Similar movements can be seen with the Two-Year yield, which is now at 4.31%. However, the spread between the 10-Year and Three-Month U.S. Treasury yields is still negative, as it currently sits at -31 basis points.
Futures Up as Midterms and CPI Report Keep Market Abuzz
First Published 6:31AM EST
Stock futures are inching higher in the early hours of Thursday as investors are looking to welcome a big day for the eco-political scene —the October inflation reading and the midterm election results.
The indexes closed the regular trading hours of Wednesday in the red. The S&P 500, the Dow, and the Nasdaq 100 dipped 2.08%, 1.95%, and 2.37%, respectively.

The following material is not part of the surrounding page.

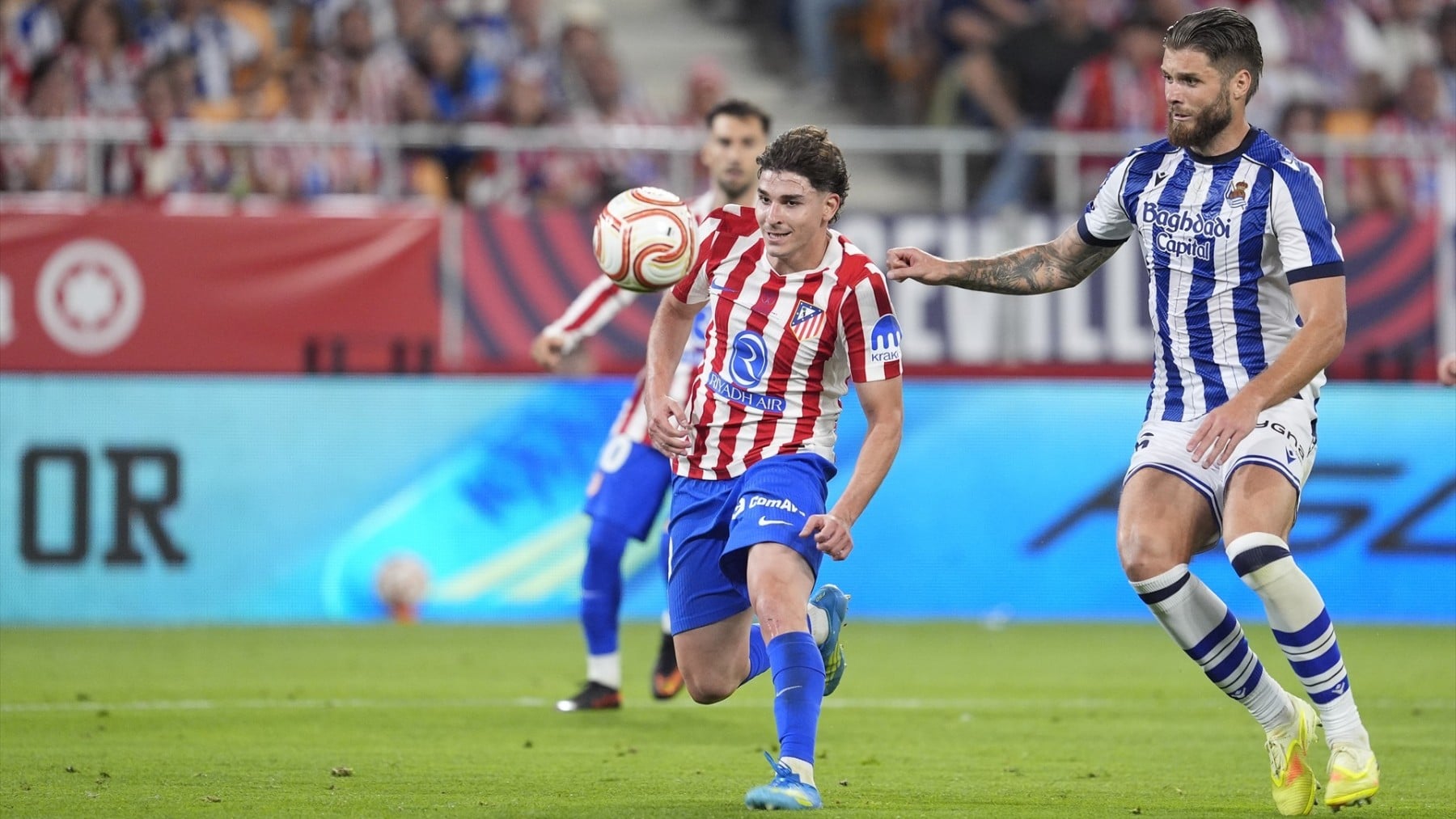Vuelve a rodar el balón en La Cartuja. Saca de centro el Atlético.

Binance pulling out of its plan to acquire rival cryptocurrency exchange platform FTX was another blow to investor sentiment on Wednesday, hurting the technology sector and sending Bitcoin (BTC-USD) prices to two-year lows.
Elections Keep Investors at The Edge of Their Seats
The close competition between the Democrats and the Grand Old Party (Republicans) created a tense atmosphere, making many investors flee from the market. There was no Republican sweep as investors likely had hoped, with the Democrats giving tough competition and winning one seat in the Senate.
Policies set by Republicans are known to be more pro-business, and hence, market participants are likely to be hoping for a Republican-controlled Congress — at least one chamber, if not both.
As of writing, the Republican party is ahead in the run for the House of Representatives, but the Senate seats are still up in the air. The election results appears to be heading toward the creation of a gridlock situation between Congress and the Senate, which could bode well for the equity market. This is because any policy that is likely to hurt economic interests will take more time to be passed.
The current economic crisis is one of the major reasons behind the tough contest, as people are weighing the policy approaches of both parties to address economic disruptions.
October CPI to Be Revealed Today
The consumer price index report for October is due to be released on Thursday morning. Economists surveyed by Dow Jones are looking at an increase of 0.6% month-over-month in prices, which translates to 7.9% year-over-year. If the reading meets expectations, the market is likely to rally briefly.
However, if inflation has increased more than expected, the market will likely see a drop, creating a great opportunity for investors to accumulate fundamentally strong and well-capitalized stocks like Alphabet (NASDAQ:GOOGL)(NASDAQ:GOOG), Apple (NASDAQ:AAPL), etc.
The CPI data is a key gauge for the Federal Reserve to choose the direction of its next policy move. The next FOMC meeting is in December.